New England Natural Gas Prices Spike

New England is experiencing some of the highest spot electricity and natural gas price spikes in the country with some more than $30 per MMBtu and $200 per MWh! You may not notice if you have a fixed price during the winter, but if you are buying spot gas or power, you are probably aware. If you are soliciting quotes for any term that includes a future winter, hopefully you’ve noticed the impact.

During the past month, a confluence of events has hit this region, conspiring to drive electricity and natural gas markets to three times their three-year average. The chart below shows the recent high prices and volatility. It also shows the Nepool Mass Hub (in blue, left axis, the main trading location for electricity in the New England region) and the Algonquin Citygate (in red, right axis, the main delivery point for natural gas in the Boston area).

Click here for chart: High New England Energy Prices

There are three main reasons that the markets for natural gas and electricity have been so strong in New England recently.

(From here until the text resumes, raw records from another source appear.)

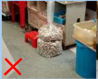
Food items placed directly on the floor
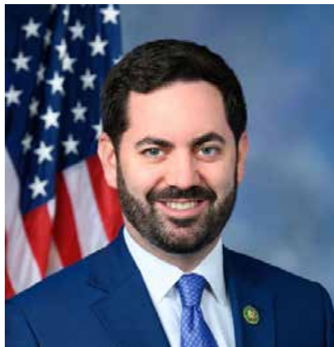
Congressman Mike Lawler
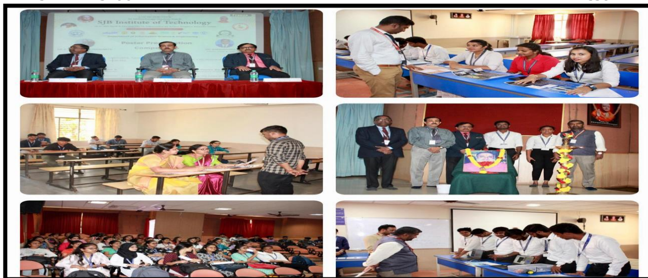
"Poster Presentation Competition"

  1. While not an exceptionally cold winter, the weather has been colder than last year’s record warm temperatures. Colder temperatures bring greater heating-related demand for natural gas, boosting prices.
  2. Natural gas imports to the region are low. In a region that hasn’t seen the new shale supply that many regions around the country have, imports are crucial. Imports to the region come from three primary sources:
    1. Via pipeline from the south and west. Natural gas has historically been imported from the Gulf Coast region via long pipelines. More recently, gas has come to New England from the Marcellus shale regions. From both regions, the gas pipelines getting to the Boston area are heavily constrained, without the capacity to import as much gas as is needed.
    2. From Canada. These imports are extremely important to this region, and they have been shrinking. Gas production from offshore rigs in Nova Scotia has been declining and new production has been slow. Imports from Western Canada have also been slowing because the traditional west-to-east Canadian pipeline flows have been disrupted due to new shale production.
    3. Via Liquefied Natural Gas (LNG). Imports to the Boston region via LNG have fallen by more than 50% this year compared to two years ago. Reasons for the decline are twofold: the US competes for LNG supply with Europe and Asia and prices there are far higher than in the US.Given the chance, producers of LNG will send their cargos to Europe and Asia.
    4. Demand for natural gas from the electricity generation sector has increased. As older, inefficient coal plants retire, they are replaced by cleaner burning natural gas plants.This places an increasing burden on the constrained pipeline system needed to import gas to the region.

When you look at all these factors, it combines for higher spot prices and greater volatility. Unfortunately, many of these problems are long-term and are fairly intractable; hence, prices for futures periods have moved up too. New gas-fired electric generators are the short-term solution for retiring coal plants and demand from that sector is forecasted to remain high. Imports from Canada are slowing but may rebound slightly as some offshore rigs are completed. LNG imports will remain low as prices globally are far higher those in the US. Pipeline capacity from the south and west is constrained and due to the cost and complexity of expansion, is likely to remain so. Diversifying the fuel mix for electricity generation would help alleviate the problem and plans are underway to expand wind generation. Energy efficiency programs are also a good option to deliver short-term reductions in demand.

You must be asking yourself: Is there any good news? Remember that regional gas and power prices are driven by a combination of national and regional factors. While the regional drivers are clearly bullish, the trend for national prices is still relatively low due to shale gas resources. The resultant price, while not as low as 2012, is still a reasonable value when looking long-term. Unfortunately, it seems very unlikely that the lows of 2012 will return to buyers of gas or power in New England.